Mismatched range sizes

If your sum_range is a different size than your range argument, Excel sums starting from the first cell in sum_range using the same dimensions as range. This can lead to summing the wrong cells.

Always make sure range and sum_range have the same number of rows and columns. If you're checking A2:A100, your sum_range should also span 99 cells.

Text criteria without quotes

Using text criteria like =SUMIF(A1:A10, Sales, B1:B10) without quotes around "Sales" causes Excel to look for a cell named Sales instead of the literal text.

Wrap text criteria in double quotes: =SUMIF(A1:A10, "Sales", B1:B10). This also applies to comparison operators with numbers like ">100".

Long text strings

SUMIF returns incorrect results when matching text longer than 255 characters, or when trying to match the error value #VALUE!.

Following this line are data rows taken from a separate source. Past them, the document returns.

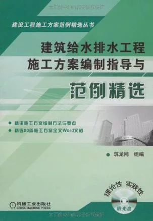 《建筑给水排水工程施工方案编制指导与范例精选》是2009年机械工业出版社出版的图书,作者是筑龙网。本书依据新规范、新政策,重点阐述了建筑给水排水工程施工方案的编制内容、方法及建筑给水排水工程施工技术,同时派儿钱功末价针对目前国家推广使用火额突的建筑给水排水工程节能、节水及环保技术进行了介绍。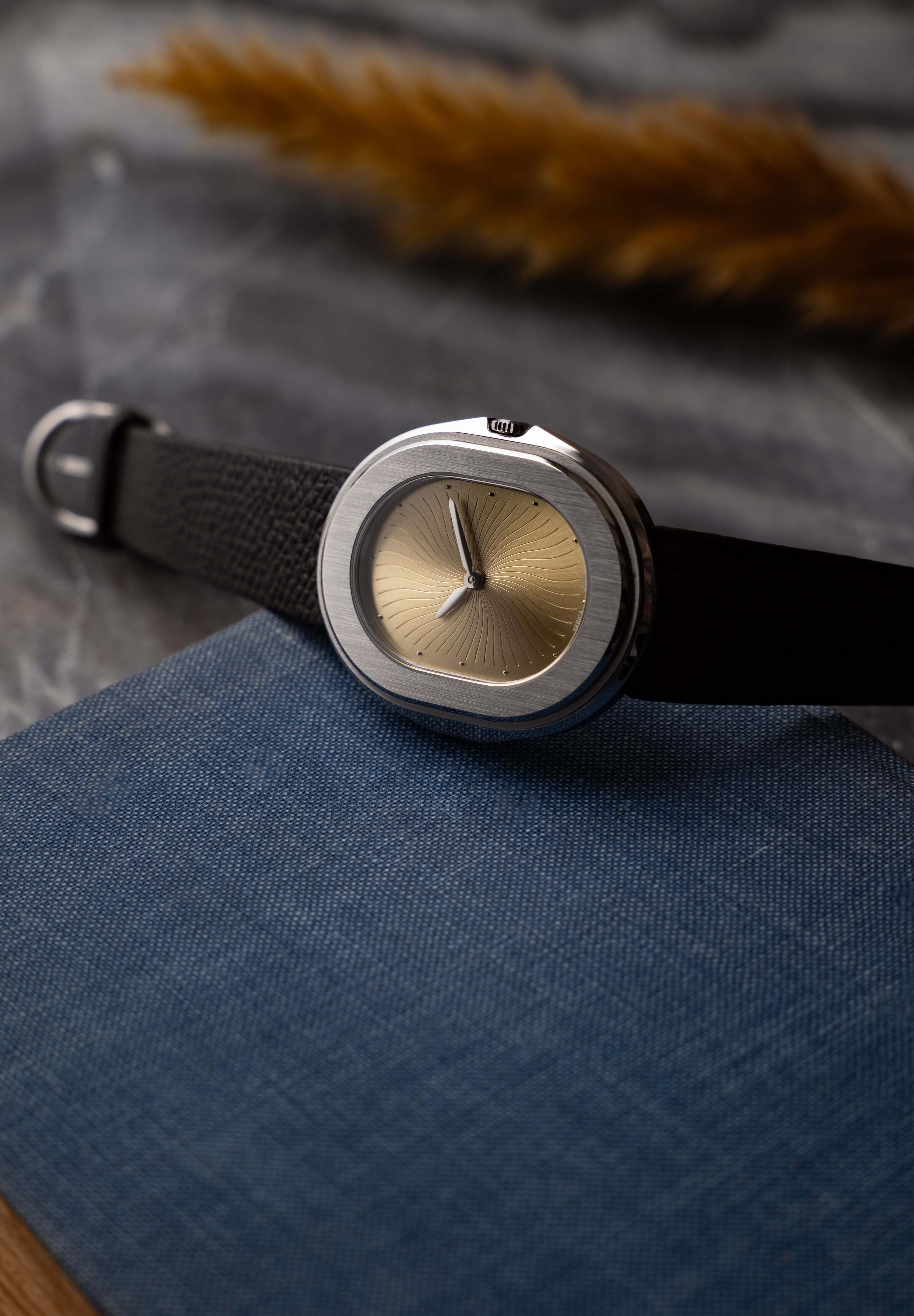 La référence 1174 ‘PARADE’ incarne une ambition, celle d’allier finesse, singularité des formes et haute-performances. Une montre automatique, étanche et fiable, qui ne ressemble à aucune autre et transcende le concept même de la montre habillée.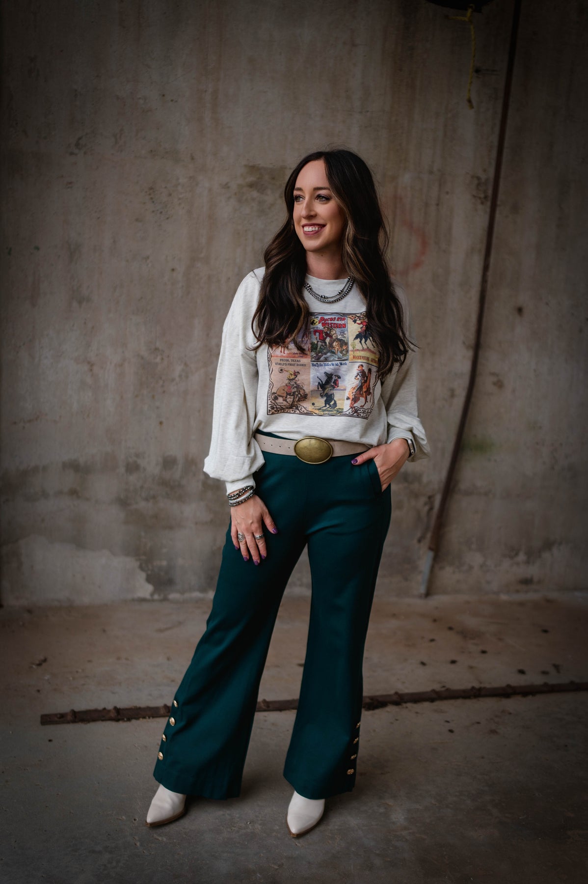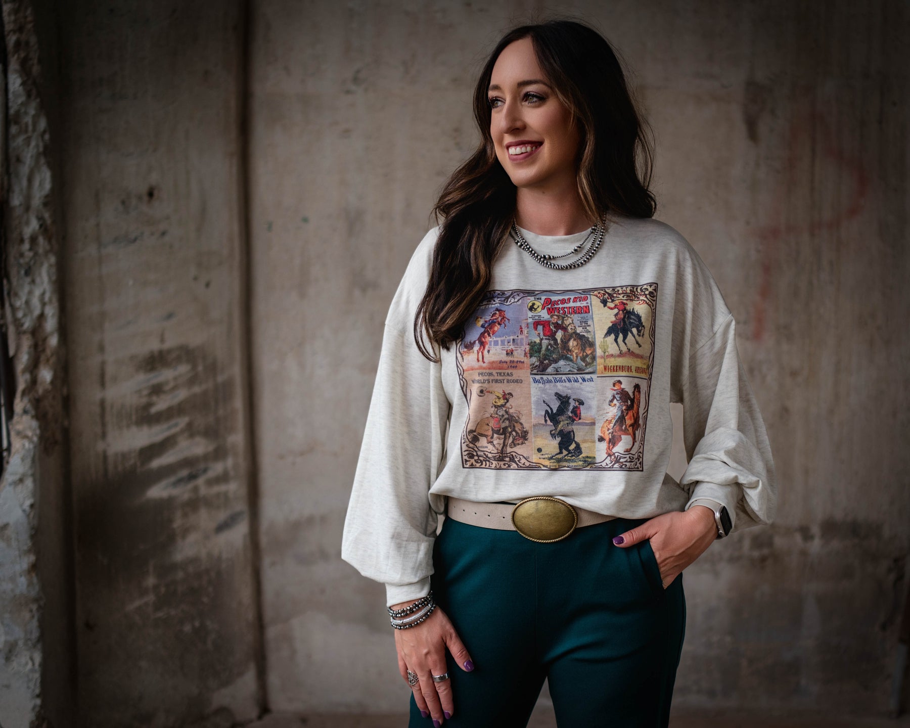 Wrap yourself in comfort with this lightweight long sleeve. Crafted from super soft French terry fabric, it's the perfect layering piece for effortless style. The relaxed fit and balloon sleeves create a laid-back silhouette that works with everything in your closet. Whether you're heading out for the day or settling in at home, this sweatshirt delivers cozy vibes with a touch of southwestern flair.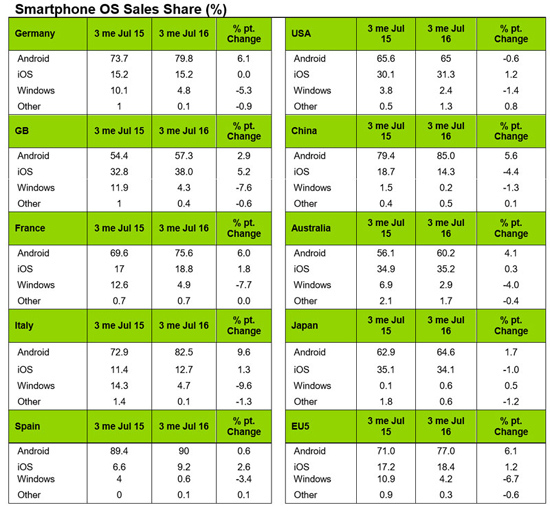 Android тем временем также укрепляет свои позиции на рынке Европы. За год продажи Android-смартфонов выросли в Германии, Великобритании и Франции – на 6,1%, 2,9% и 6,0% соответственно.

Keep criteria text under 255 characters. For longer text comparisons, consider using helper columns to create shorter identifier codes.

Case sensitivity confusion

SUMIF treats "sales", "Sales", and "SALES" as identical, which might not match your expectations if you're tracking case-sensitive product codes.

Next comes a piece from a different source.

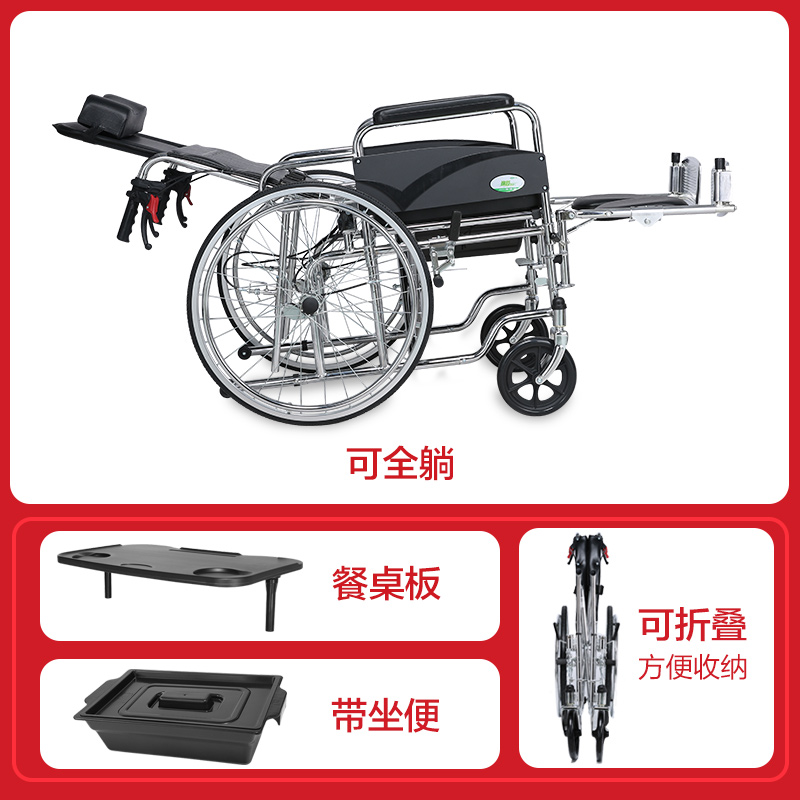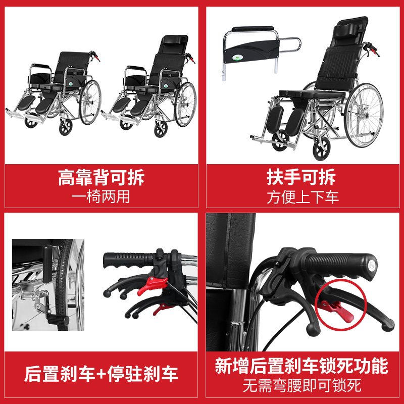 With handbrake armrest, can be lifted, foot pedal can be removed, anti-backward sliding, high backrest, full lying, high backrest, half lying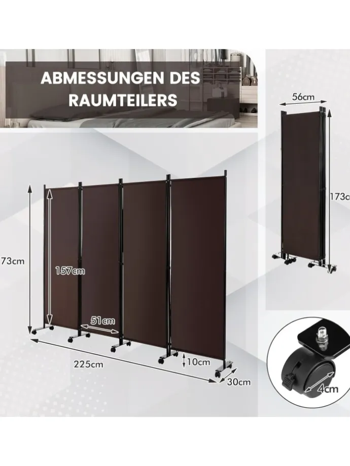 Suchen Sie nach einem Raumteiler, der sich leicht verschieben lässt? Schaut euch diesen tollen Sichtschutz mit 1 / 3 / 4 / 6 Paneelen an! Die vergrößerte Trennwand passt in die meisten Innenräume! Sie können sie in Ihr Wohnzimmer, Schlafzimmer, Büro usw. stellen.

SUMIF is always case-insensitive. If you need case-sensitive matching, you'll need to use a different approach with SUMPRODUCT and EXACT.

Tips & notes

When you omit the sum_range argument, SUMIF sums the cells in range that meet your criteria. This is handy when the values you're checking and summing are in the same column. Wildcards only work with text: use * to match any sequence of characters, and ? to match a single character. To find a literal asterisk or question mark, type ~* or ~?.

Common questions

How do I use comparison operators in SUMIF criteria?

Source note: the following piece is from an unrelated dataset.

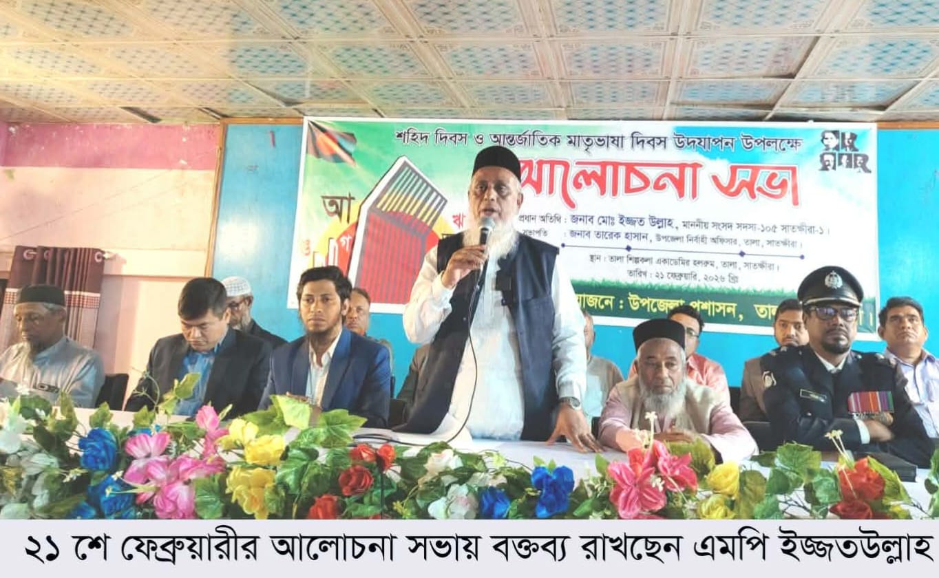 আব্দুর রশিদ (সাতক্ষীরা) সারা দেশের ন্যায় সাতক্ষীরা তালায় যথাযোগ্য মর্যাদায় ২১ শে ফেব্রুয়ারি শহীদ দিবস ও আন্তর্জাতিক মাতৃভাষা দিবস পালিত হয়েছে।শনিবার(২১ শে ফেব্রুয়ারি) রাত ১২ টা এক মিনিটে শহীদ মিনারে পুষ্পমাল্য অর্পনের মাধ্যমে দিনটি শুভ সূচনা করা হয়, সকাল ৮ টায় তালাবিদে পুরাতন স্কুল মাঠ হতে প্রভাত ফেরী উপজেলা গুরুত্বপূর্ণ সড়ক দক্ষিণ শেষে শিল্পকলা একাডেমিতে এক আলোচনা সবার আয়োজন করা হয়। আলোচনা সভায় সভাপতিত্ব করেন তালা উপজেলা নির্বাহী কর্মকর্তা তারেক হাসান। ইন্সট্রাক্টর ইমান আলীর পরিচালনায় প্রধান অতিথি হিসেবে উপস্থিত ছিলেন সাতক্ষীরা -১( তালা -কলারোয়া) সংসদ সদস্য অধ্যক্ষ ইজ্জতউল্লা। বিশেষ অতিথি হিসেবে উপস্থিত ছিলেন সহকারী কমিশনার ভূমি রাহাত খান, সাতক্ষীরা জেলা জামায়তের নায়েবে আমির ডাক্তার মাহমুদুল হক, তালা থানার অফিসার ইনচার্জ মোঃ শহিদুল ইসলাম, বিএনপি সভাপতি বাবু মৃণাল কান্তি রায়, উপজেলা জামায়াতের আমির মাওলানা মহিদুল্লাহ, তালা উপজেলা বিএনপির সাধারণ সম্পাদক শেখ শফিকুল ইসলাম, উপজেলা জামায়াতের সেক্রেটারি সহকারী অধ্যাপক ইদ্রিস আলী, ইসলামকাটি ইউনিয়ন পরিষদ চেয়ারম্যান অধ্যাপক গোলাম ফারুক, তালা উপজেলা যুবদলের আহবায়ক মির্জা আতিয়ার রহমান, সিনিয়র সাংবাদিক এম এ হাকিম, জাহাঙ্গীর হাসান, তালা উপজেলা প্রেসক্লাবের সভাপতি মোঃ আকবর হোসেন, সাধারণ সম্পাদক কামরুজ্জামান মিঠু, সহ-সভাপতি সাইদুর রহমান সাঈদ, যুগ্ন সাধারন সম্পাদক মির মিল্টন, সহ-সাংগঠনিক সম্পাদক আতাউর রহমানসহ সাংবাদিকবৃন্দ, উপজেলা বিভিন্ন দপ্তরের কর্মকর্তা বৃন্দ, বিভিন্ন রাজনৈতিক দলের নেতৃবৃন্দ, বিভিন্ন স্কুল ও কলেজের শিক্ষক শিক্ষার্থীবৃন্দ উপস্থিত ছিলেন,এ সময় প্রধান অতিথির বক্তব্যে সংসদ সদস্য অধ্যক্ষ ইজ্জতউল্লাহ বলেন, রাষ্ট্রভাষা বাংলা ভাষার জন্য সালাম রফিক, জব্বার সহ নাম না জানা অনেকে শহীদ হয়েছেন, ১৯৭১ সালের মুক্তিযুদ্ধে কয়েক লক্ষ লোক শহীদ হয়েছে, ২৪ এর গণঅভ্যুত্থানে অনেক শিক্ষার্থীসহ অনেকে শহীদ হয়েছেন। তাদের রুহের মাগফেরাত কামনা করছি, সেই সাথে যে বাংলা ভাষার জন্য ছাত্র জনতা জীবন দিল এখনো অফিস আদালত ইংরেজিতে চিঠিপত্র লেখা হয়, দেশের সকল অফিস আদালতে চিঠিপত্র বাংলা ভাষা করার জন্য জোর দাবি জানাচ্ছি, তিনি আরো বলেন, দল-মত নির্বিশেষে আমি সকলের এমপি, সকলকে সাথে নিয়ে উপজেলা উন্নয়ন করতে চাই, আপনারা সকলে আমার জন্য দোয়া করবেন।

Put the operator and number in quotes as a text string. For example: =SUMIF(A1:A10, ">100", B1:B10) sums values in B where A is greater than 100. You can use >, <, >=, <=, <> (not equal), or = (equal).

Can I use cell references in my criteria?

Yes, you can reference cells for dynamic criteria. Use concatenation with the operator: =SUMIF(A1:A10, ">"&D1, B1:B10) where D1 contains your threshold number. For text matching, just use the cell reference directly: =SUMIF(A1:A10, D1, B1:B10).

What's the difference between SUMIF and SUMIFS?

SUMIF handles one condition, while SUMIFS handles multiple conditions. SUMIFS also has a different argument order (sum_range comes first). Use SUMIFS when you need AND logic like summing sales for a specific product AND region.

Why is my SUMIF returning zero when I know there are matches?

Check for extra spaces in your data or criteria, mismatched text formatting (dates stored as text), or incorrect cell references. Use TRIM to clean up spaces, and verify your range and sum_range cover the right cells.